(Records from a data source)
<<<<

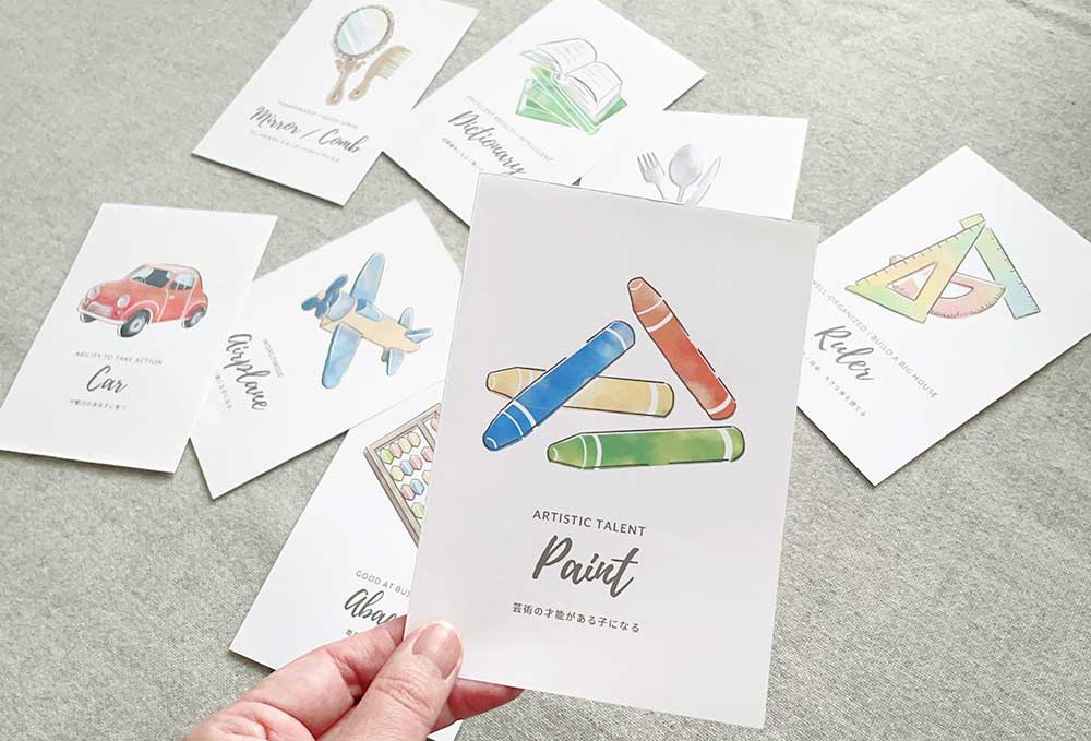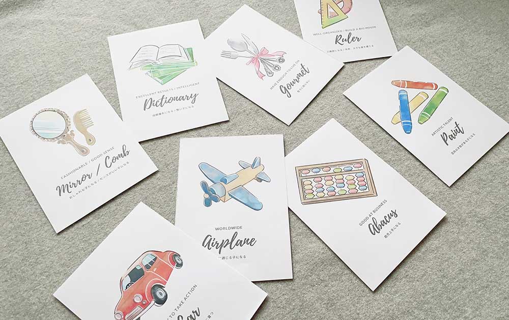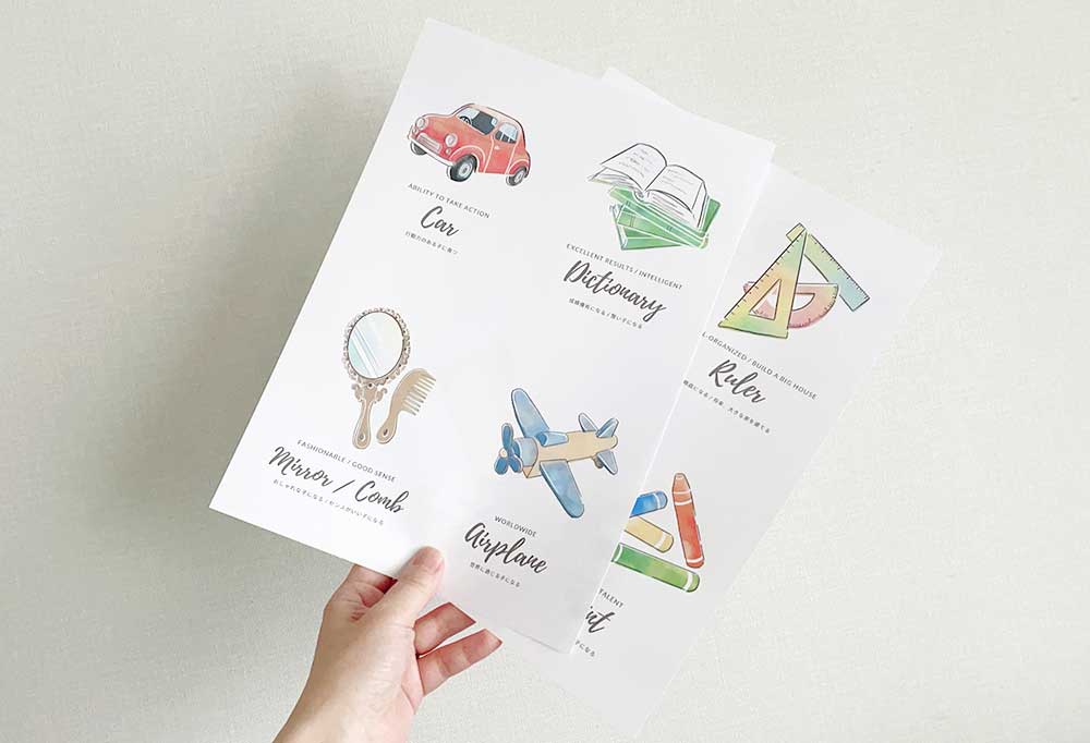 1歳のお誕生日に、子供の目の前にそれぞれ意味を持たせたアイテムを並べ、子供が何を選ぶかで子供の将来の職業や才能を占うという、「選び取り」と呼ばれる記念行事があります。そこで使われるのが「選び取りカード」です。
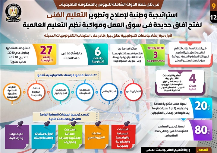 مختلفة، بينما مستهدف افتتاح 27 جامعة تكنولوجية بحلول عام ٢٠٣٠ لتخريج 30 ألف طالب
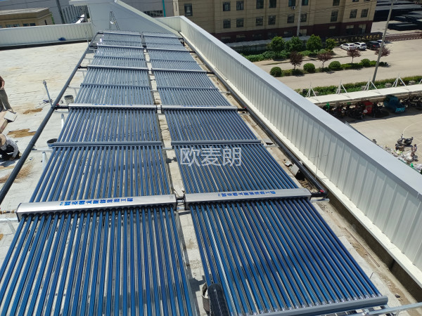項目配置:10組太陽能集熱模塊+歐麥朗空氣能熱泵熱水機組+圓形水箱
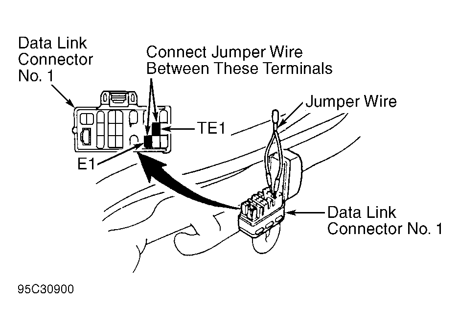 - Install Jumper Wire (SST 09843-18020) between terminals TE1 and E1 of data link connector No. 1 located in engine compartment. See Fig 3.
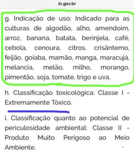 Já ouviu falar em Lousal? Um dos 170 agrotóxicos liberados no Brasil em 2019. Classificação pelo Ministério de Agricultura: ‘Extremamente tóxico’.
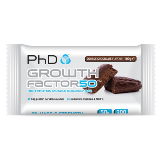 Vysokoproteinová tyčinka, obsahující 50 g kvalitních bílkovin, 6 g kvalitních MCT tuků, aditivum glutaminových peptidů a speciální vysokomolekulární Waxy Vol sacharidy z ječmene.
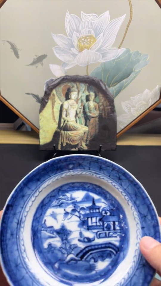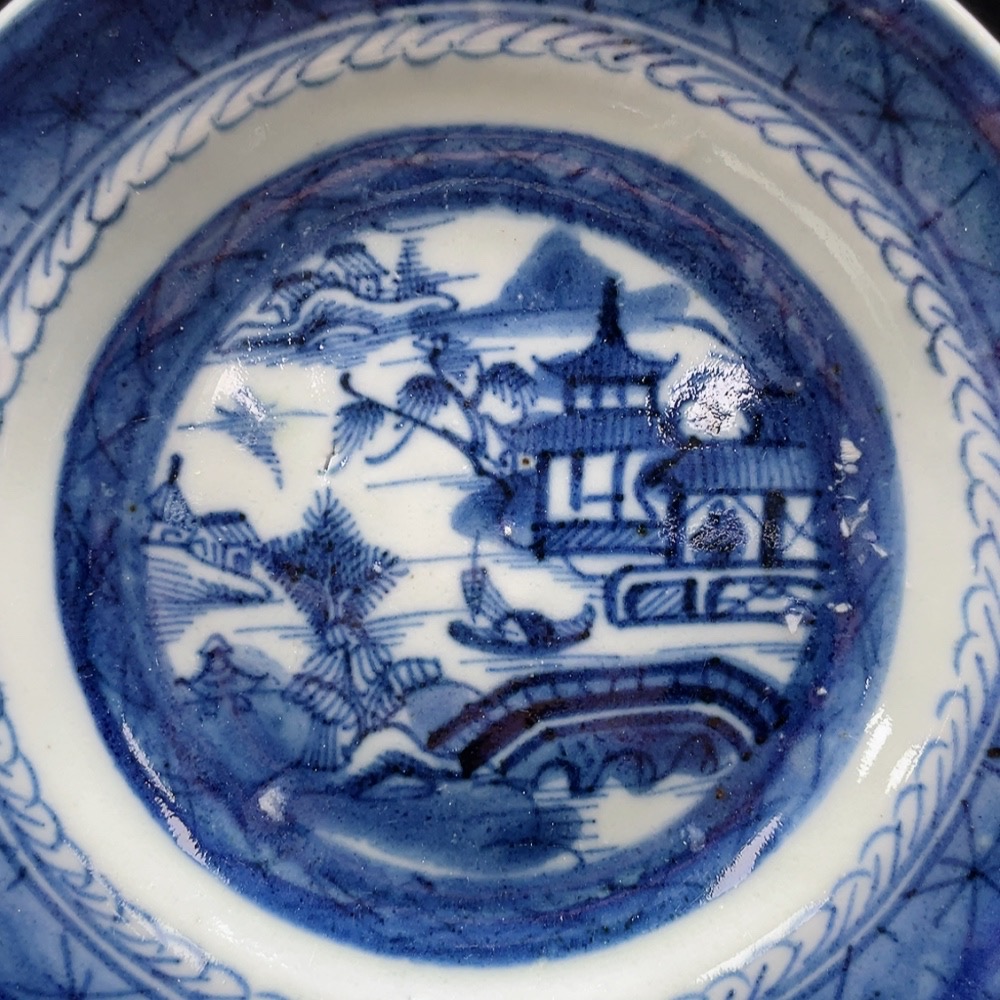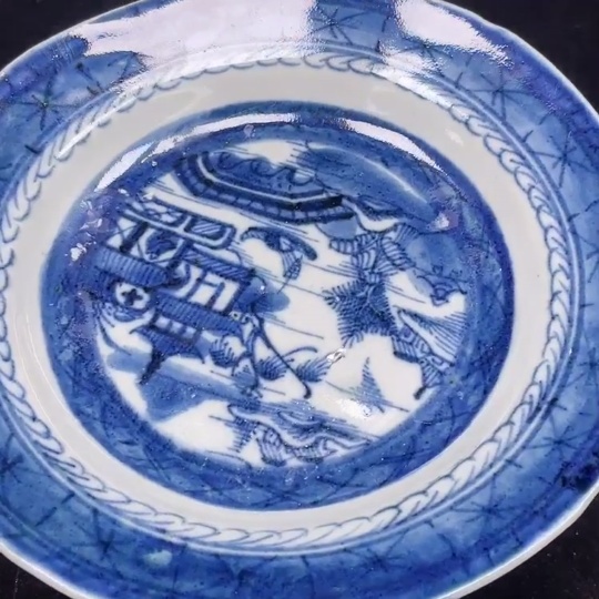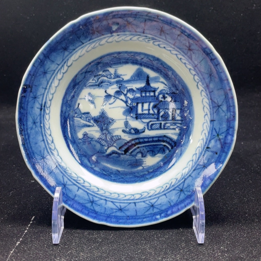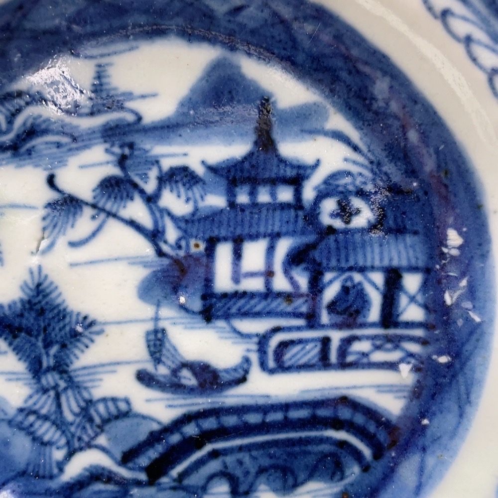 Ceramic, minor chip, mid-Qing blue-and-white pavilion and terrace plate, size as per actual item
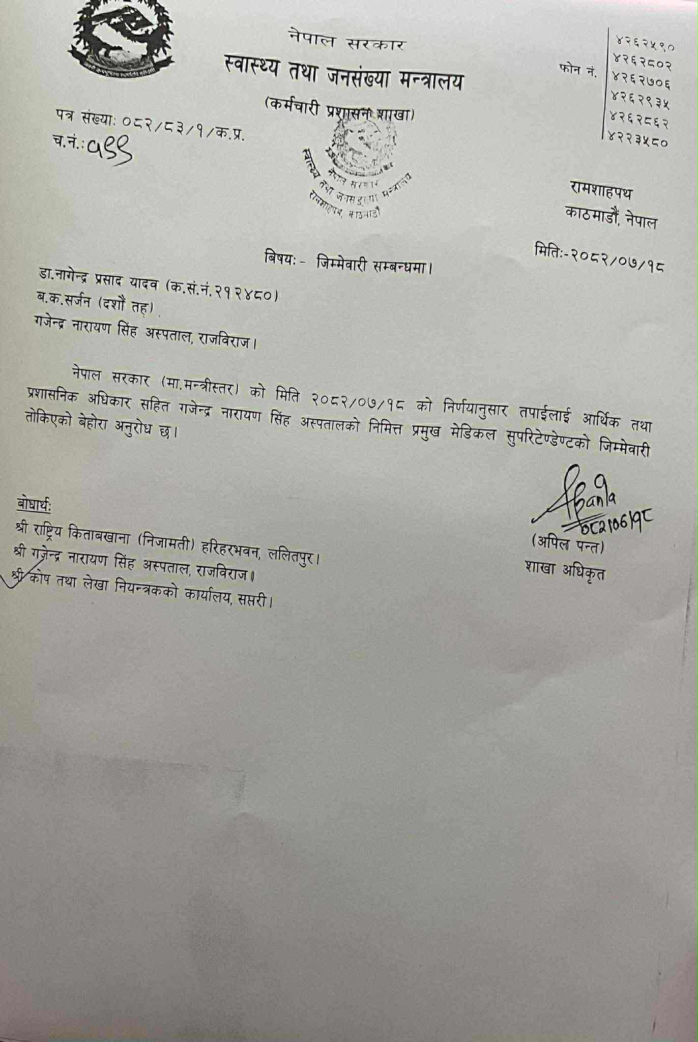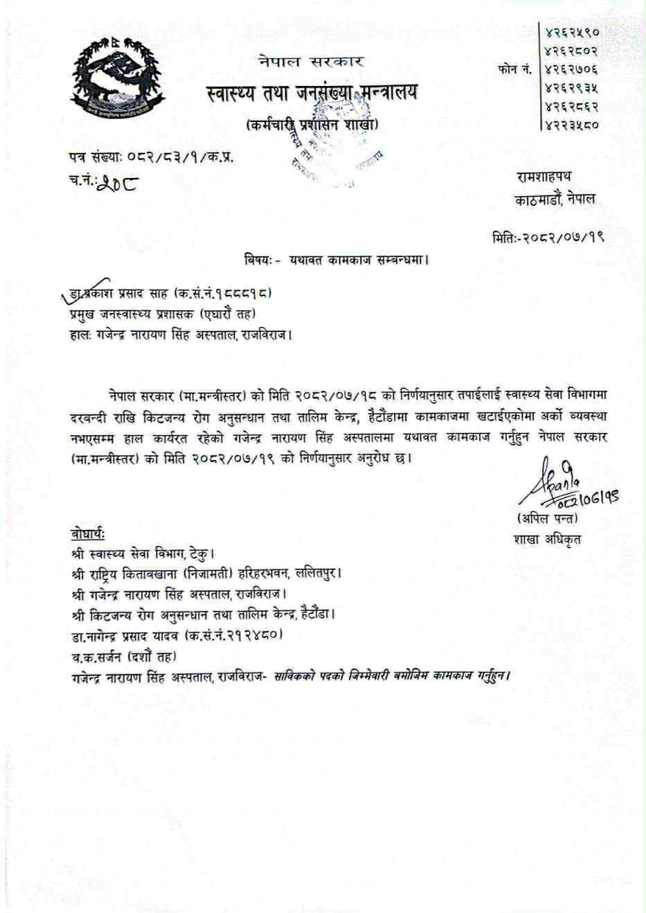 डा.  साहलाई १९ कात्तिकमा पठाइएको पत्रमा ‘१८ कात्तिकको निर्णय अनुसार तपाईँलाई स्वास्थ्य सेवा विभागमा दरबन्दी राखि किटजन्य रोग अनुसन्धान तथा तालीम केन्द्र हेटौँडा खटाइएकोमा अर्को व्यवस्था नभएसम्म हाल कार्यरत रहेको गजेन्द्रनारायणसिंह अस्पतालमा यथावत कामकाज मन्त्रीस्तरीय निर्णय अनुसार अनुरोध छ,’ भन्ने उल्लेख छ ।
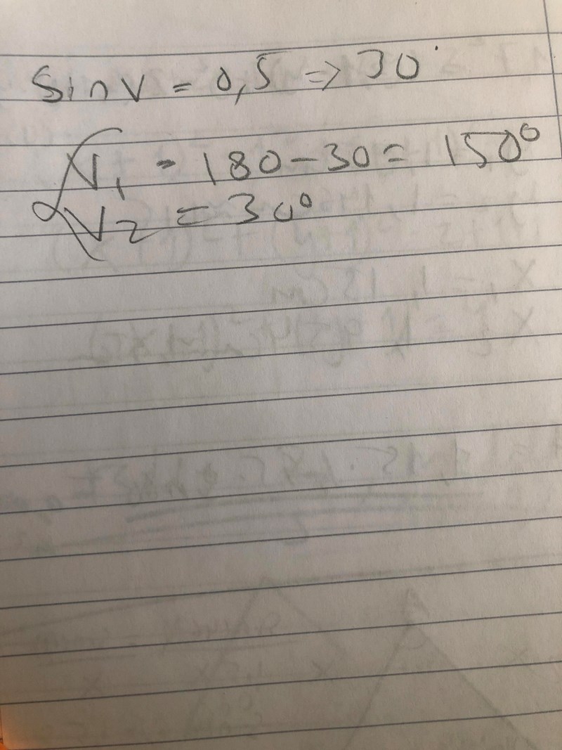 För vilka vinklar v i intervallet 0°<=v <360° gäller att sin v= 1/2?"
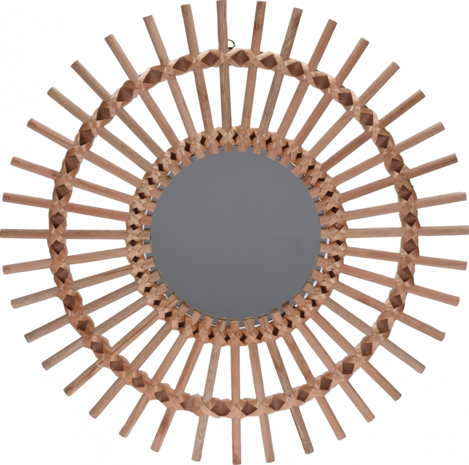 Dekorativní nástěnné zrcadlo připomíná slunce s paprsky. Zrcadlo je univerzálním doplňkem, který kromě praktických hodnot bude i efektní dekorací na zeď.
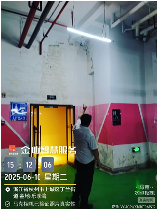 基于现场实际情况,6月18日,物业对渗漏区域基层进行全面卫生清理,并对渗漏位置上方天井内地面进行防水保护刷涂作业,以此进一步观察、判断渗漏原因,明确是由管道渗漏还是顶部空调滴水所导致。接下来,还会依据前期观察结果,针对渗水部位采取相应的维修措施。待墙面完全干燥后,对顶部因渗水导致发霉的部位进行墙面铲除,并重新进行刷白处理。预计该点位的维修工作将于6月完成。
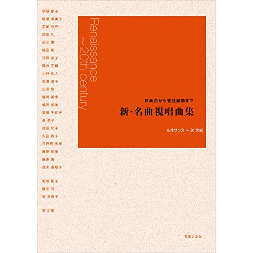 新・名曲視唱曲集1 . モテット『鹿が谷川の水をもとめるように』/2 . ほら、なんと楽しいこだまが(エコーカノン)/3 . 歌劇『オルフェオ』より~第1幕合唱の場/4 . オルドル第1番より~第1クーラント/5 . ヴァイオリン協奏曲『四季』より~「冬」 ラルゴ/6 . 音楽の捧げ物より~3声のリチェルカーレ/7 . トランペット協奏曲より~第2楽章/8 . フルート四重奏曲第1番より~第2楽章/9 . レクイエムより~キリエ/10 . ヴァイオリン協奏曲より~第3楽章/11 . 交響曲第8番『ザグレイト』より~第3楽章スケルツォ/12 . 幻想交響曲より~第4楽章「断頭台への行進」/13 . ピアノ協奏曲第1番より~第2楽章/14 . 交響曲第3番『ライン』より~第1楽章/15 . 楽劇『トリスタンとイゾルデ』より~第1幕前奏曲/16 . レクイエムより~涙の日/17 . 交響曲第3番より~第3楽章/18 . 歌劇『イーゴ

>>>>

*WORK INSTRUCTIONS*
Please return the lines from the line with "डा.  साहलाई १९" through the last line of the data, both included, exactly, and without pictures.

*RESULT OF THIS EXERCISE*
 डा.  साहलाई १९ कात्तिकमा पठाइएको पत्रमा ‘१८ कात्तिकको निर्णय अनुसार तपाईँलाई स्वास्थ्य सेवा विभागमा दरबन्दी राखि किटजन्य रोग अनुसन्धान तथा तालीम केन्द्र हेटौँडा खटाइएकोमा अर्को व्यवस्था नभएसम्म हाल कार्यरत रहेको गजेन्द्रनारायणसिंह अस्पतालमा यथावत कामकाज मन्त्रीस्तरीय निर्णय अनुसार अनुरोध छ,’ भन्ने उल्लेख छ ।
 För vilka vinklar v i intervallet 0°<=v <360° gäller att sin v= 1/2?"
 Dekorativní nástěnné zrcadlo připomíná slunce s paprsky. Zrcadlo je univerzálním doplňkem, který kromě praktických hodnot bude i efektní dekorací na zeď.
 基于现场实际情况,6月18日,物业对渗漏区域基层进行全面卫生清理,并对渗漏位置上方天井内地面进行防水保护刷涂作业,以此进一步观察、判断渗漏原因,明确是由管道渗漏还是顶部空调滴水所导致。接下来,还会依据前期观察结果,针对渗水部位采取相应的维修措施。待墙面完全干燥后,对顶部因渗水导致发霉的部位进行墙面铲除,并重新进行刷白处理。预计该点位的维修工作将于6月完成。
 新・名曲視唱曲集1 . モテット『鹿が谷川の水をもとめるように』/2 . ほら、なんと楽しいこだまが(エコーカノン)/3 . 歌劇『オルフェオ』より~第1幕合唱の場/4 . オルドル第1番より~第1クーラント/5 . ヴァイオリン協奏曲『四季』より~「冬」 ラルゴ/6 . 音楽の捧げ物より~3声のリチェルカーレ/7 . トランペット協奏曲より~第2楽章/8 . フルート四重奏曲第1番より~第2楽章/9 . レクイエムより~キリエ/10 . ヴァイオリン協奏曲より~第3楽章/11 . 交響曲第8番『ザグレイト』より~第3楽章スケルツォ/12 . 幻想交響曲より~第4楽章「断頭台への行進」/13 . ピアノ協奏曲第1番より~第2楽章/14 . 交響曲第3番『ライン』より~第1楽章/15 . 楽劇『トリスタンとイゾルデ』より~第1幕前奏曲/16 . レクイエムより~涙の日/17 . 交響曲第3番より~第3楽章/18 . 歌劇『イーゴ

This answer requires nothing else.